She's really good in class as far as training (arguably the smartest in basic and Intermediate) and the dogs she's had puppy classes with are one's that she doesn't have these issues with and actually looks to play with them. So, it really is a trust thing with her. Once she trusts a dog/person she is pretty good and affectionate to them. An example of this is the guy who takes her most mornings for day care. She wags her tail and looks excited to see him and I watch them go down the hall with her tail wagging and her saying hi to all the other people who work there without issues. 

On the other hand, I'm a little worried that she learned some of these behaviors (barking, challenging, etc.) from the day care.
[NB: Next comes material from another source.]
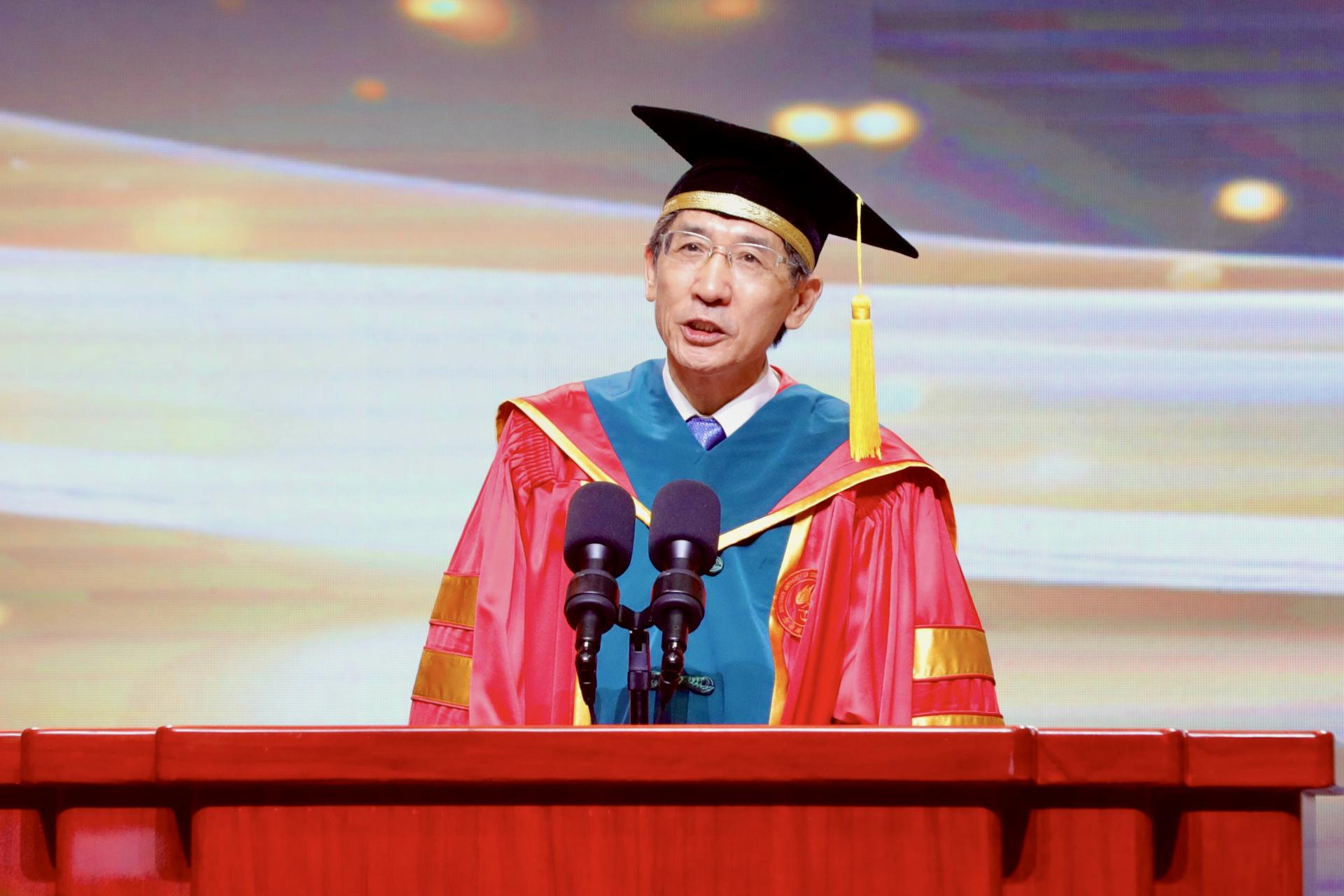 数载寒暑,流金岁月。在过往几年的南科大时光中,同学们秉承“明德求是、日新自强”的校训精神,开拓进取、勇往直前,与学校共命运和时代同发展,完成了梦想与现实的双向奔赴,也实现了个人与集体的相互成就。今年4月,生物系研究生第二党支部成功入选“全国党建工作样板支部”培育创建单位,彰显了你们厚植家国情怀、积极弘扬科学家精神的主动追求和责任担当;刚刚发言的环境科学与工程学院2020级的戴艳会同学荣登《人民日报》发布的“研究生国家奖学金获奖学生代表名录”,成为中国优秀青年的代言人,展现了我们南科大学子的风采;统计与数据科学系2022级的邓春丽同学荣获共青团中央颁发的“中国青年志愿者优秀个人奖”,在联合国驻塞尔维亚驻地作为中国一名志愿者传递南科大人的大爱精神。今年我校研究生毕业生的去向落实率位居广东省前列,这实属不易,是同学们长期奋斗的结晶,也是同学们对母校最好的回馈。研究生是教育体系中的最高学历,代表着你们已经接受了最高程度的教育。今天在场的每一位毕业生,你们用自己的成长、成绩和成功,完美阐释了在中国“双一流”大学接受了最高程度教育的学子应有的风范。作为你们的校长,我感到无比的骄傲与自豪。你们激扬的、奋进的、动人的青春故事,书写在学校的每一次发展进步中,成为南科大历史长卷开篇的重要部分,将激励和引领后来者不断前行。

Unfortunately, it's something we needed to do at the time because she was too young to stay home and neither of us work close enough to take her out at lunch.

I think we're leaning towards talking to a behaviorist if only to help put our mind at ease that it's not something we're doing and to see if there's anything that we can do above what we already are to try and help her.


----------



## debbiebrown (Apr 13, 2002)

very possible she could have gotten these behaviors from day care, i am not a big day care avocate anyway, ok for some dogs, but yes, they learn rough stuff and other unwanted behaviors.....

Good idea to go talk with a behviorist, chances are with more exposure, OB training, and age things will get better..........

best of luck i am sure you will figure it out with some guidence.......


----------